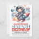 Ideal for a seventh birthday party, this invitation pairs wonderfully with space-themed decorations, galaxy party supplies, and astronaut party favors. The cheerful illustration and vibrant colors create a fun and welcoming atmosphere that guests of all ages will love. Whether you're planning a backyard party, indoor celebration, or space adventure theme, this invitation helps make the occasion feel extra special.
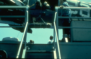 by helicopter
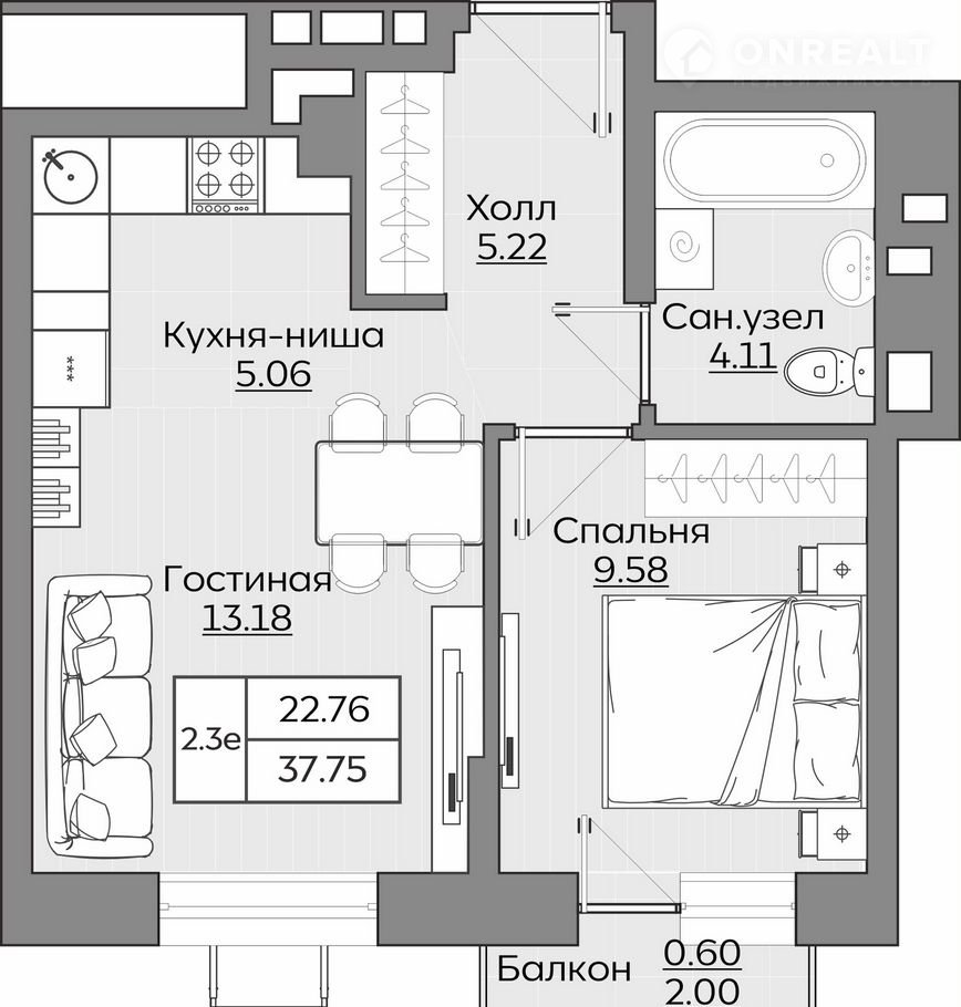 Общая площадь 37.8 м2

__________

Action item —
Only the text of the listing above is copied, exactly as written; its pictures are dropped.

Written reply —
 Ideal for a seventh birthday party, this invitation pairs wonderfully with space-themed decorations, galaxy party supplies, and astronaut party favors. The cheerful illustration and vibrant colors create a fun and welcoming atmosphere that guests of all ages will love. Whether you're planning a backyard party, indoor celebration, or space adventure theme, this invitation helps make the occasion feel extra special.
 by helicopter
 Общая площадь 37.8 м2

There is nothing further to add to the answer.